First, I like Jeff Daniels in the lead. You believe him as an established news anchor, because after a long career of flirting with, but never quite closing the deal with, major stardom, he's attained something he's never had--weight and gravity. (Actually, I think he started to attain it with "The Squid and the Whale.") Plus, he's funny as hell screaming "YouTube! YouTube!" (It almost makes sense in context.) I also like his little "Network"-y rant at the beginning, including the seemingly controversial line "Worst--Period--Generation--Period--Ever--Period," a line that has truly enraged some columnists and commentators over at the A.V. Club. Personally, I'm fine with the line because a) there's evidence that we're meant to see that line as curmudgeonly and out-of-touch, as Daniels' character is indeed curmudgeonly and out-of-touch at other points in the episode, and b) it doesn't rank on a generation so much as rank on people who put periods after every word in a sentence, and these people deserve to be mocked on every occasion possible. Moronic habit.
I like Sam Waterston, too, but that's no surprise, since I've liked him dating all the way back to "Capricorn One" (go look that one up)--he's clearly having fun, and I'm having fun watching. And I like the points where the news-gathering and the let's-get-this-on-the-air atmosphere and the Sorkin-style dialogue get in synch (again, shades of "His Girl Friday").
There are some parts of the show I'm less on board with--the executive producer who has some sort of romantic past with Daniels seems to serve as a Collective Conscience, which is a little irritating, despite Emily Mortimer's best efforts. (Her character's name is also problematic--MacKenzie McHale. Seriously? "Shaft" writer Ernest Tidyman came up with a better character name by looking absently out a window at an air shaft. But I'm talking about MacKenzie McHale--then we can dig it.) And, unlike a lot of more vociferous commenters, I'm not absolutely sure I have an opinion about the newsroom gang getting information about Real Stories from History (in the case of the pilot, the BP Oil Spill). I could see that turning into Peabody's Improbable History after a few episodes ("This is my boy, Sherman. Speak, Sherman." "Hello, folks!" "Good boy."), but I'll probably give it another couple views to see how it pans out. And there's a cast of younger people who have made very little impression on me, except that guy from "Slumdog Millionaire," because I remember saying, "That's that guy from Slumdog Millionaire."

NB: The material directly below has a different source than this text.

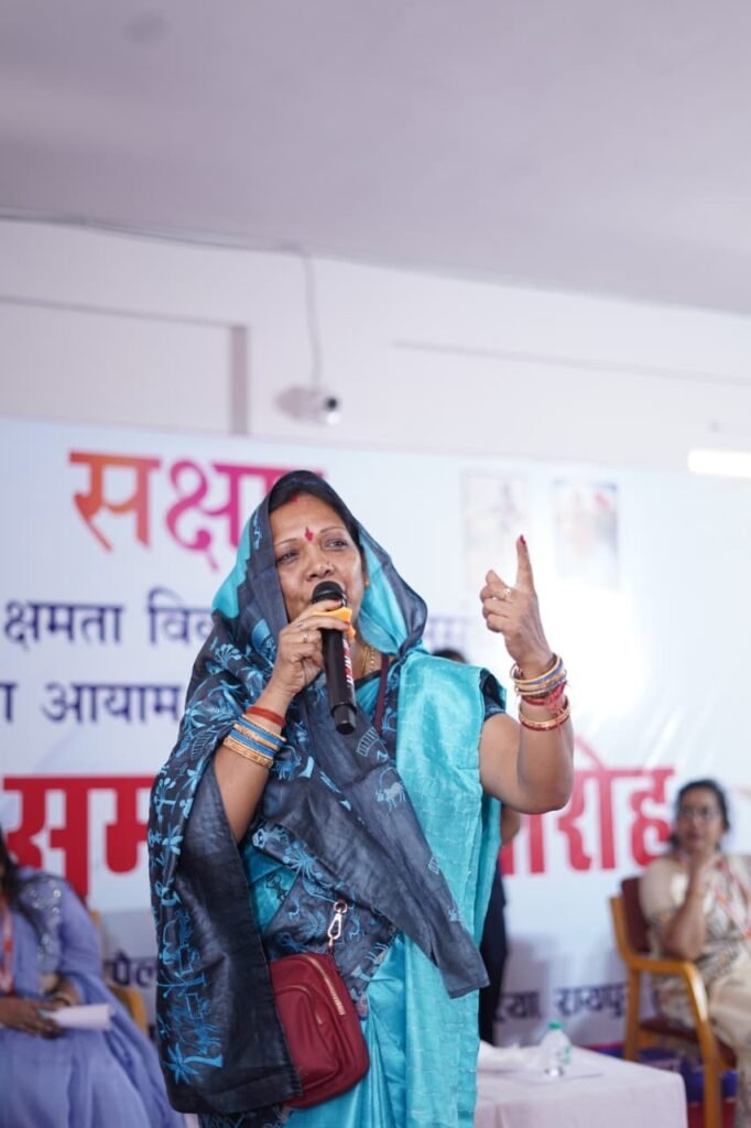 आदरणीय श्रीमती कौशल्या साय जी ने सक्षम द्वारा खड़े किए समाज में कार्यो की अत्यंत सराहना की व दिव्यांगों के प्रति समाज के अपने जिम्मेदारियों का स्मरण कराया | अपने उद्बोधन में उन्होंने महिला सशक्तिकरण को दिव्यांगों के सर्वांगीण विकास लिए आवश्यक बिंदु बताया |

One other moment I liked--at one point, "Mac" (that is, MacKenzie McHale, who's a bad motherf----r) recites a couple of lines from the title song of "Man of La Mancha" to rouse Daniels' conscience regarding What News Shows Could Be, and then closes with appropriate gravitas, "That was Cervantes." And just as I was saying to the screen, "That's not Cervantes, that's Man of La Mancha," sure enough, Daniels says pretty much the same thing. Thus, Sorkin gives us a moment when we, in turn, can feel incredibly clever, which is pretty damn clever.